Strike by L.A. teachers enters fifth day amid talks

LOS ANGELES — Teachers picketed and rallied Friday as a strike against the giant Los Angeles Unified School District extended to a fifth day with a new round of contract negotiations underway.

Drums, whistles, shouts and honks from supportive motorists echoed through downtown as groups of teachers and backers walked to a rally that drew thousands to Grand Park near City Hall.

Negotiations between United Teachers Los Angeles and the district resumed before noon. The talks organized by Mayor Eric Garcetti’s office began Thursday afternoon and didn’t break until after midnight.

“Bargaining teams from UTLA and LAUSD had a productive day of contract negotiations,” the mayor’s office said in brief statement.

The mayor does not have authority over the Los Angeles Unified School District but has sought to help both sides reach an agreement.

Union President Alex Caputo-Pearl earlier tempered expectations for an immediate resolution, noting that bargaining had gone on for 21 months before the strike and key differences remained.

Clashes over pay, class sizes and support-staff levels in the district with 640,000 students led to its first strike in 30 years and prompted the staffing of classrooms with substitute teachers and administrators.

Parents and children have joined the protests despite heavy rain that drenched the city. Overall attendance fell to 83,900 students on Thursday.
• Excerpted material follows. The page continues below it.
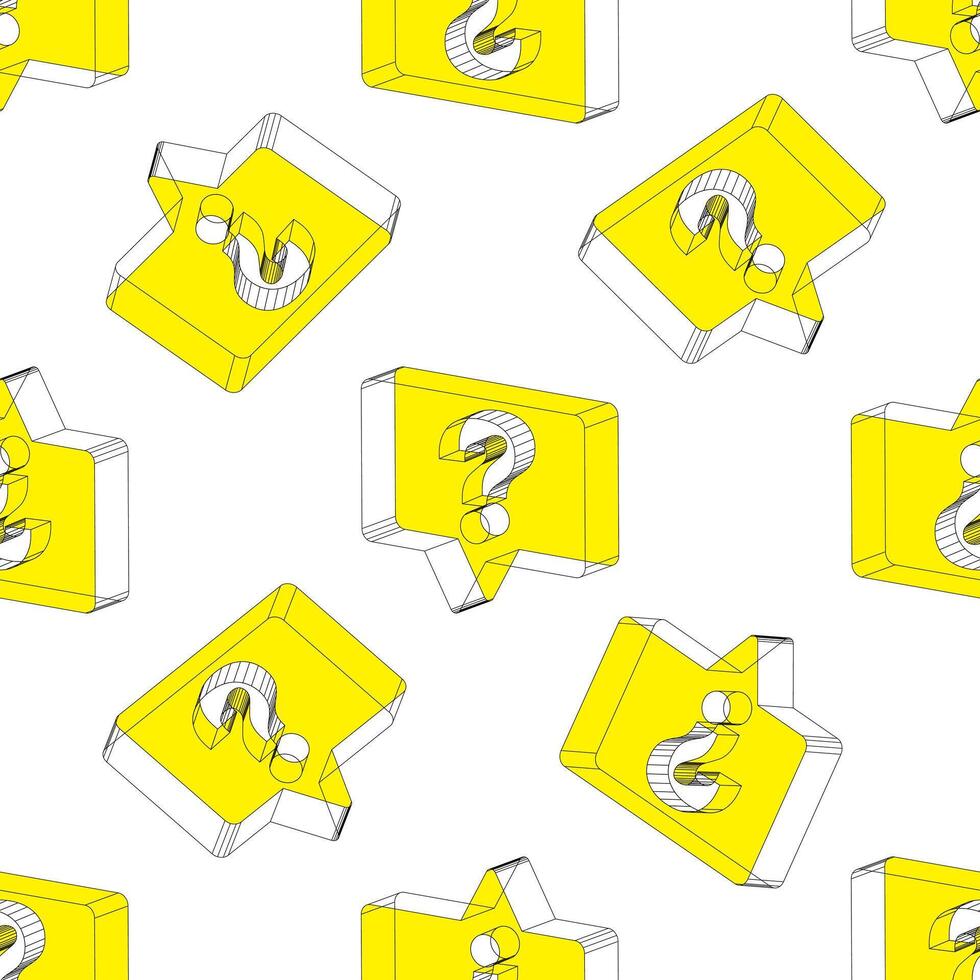 Seamless pattern with question mark on isometric yellow speech bubble on isolated background. Monochrome hipster background. Chatting messaging communication concept. Pro Vector

With state funding dependent on attendance, student absences cost the district about $97 million over four days, the district said. At the same time, it doesn’t have to spend about $10 million a day on teacher pay.

The union representing principals urged LA Unified to close schools until the strike is over. If the district can’t close the campuses, Associated Administrators of Los Angeles asked for additional resources for principals who have helped keep schools running while teachers walk picket lines.

In response, Superintendent Austin Beutner acknowledged the administrators’ sacrifices but said LAUSD schools must remain open to provide a safe place for students.

All 1,240 K-12 schools in the district were open — a departure from successful strikes in other states that emboldened the LA union to act.

The union rejected the district’s latest offer to hire nearly 1,200 teachers, counselors, nurses and librarians and to reduce class sizes by two students. It also included a previously proposed 6 percent raise over the first two years of a three-year contract. The union wants a 6.5 percent hike at the start of a two-year contract.

District officials have said teacher demands could bankrupt the school system. Beutner has urged the teachers to join him in pushing for more funding from the state, which provides 90 percent of the district’s money.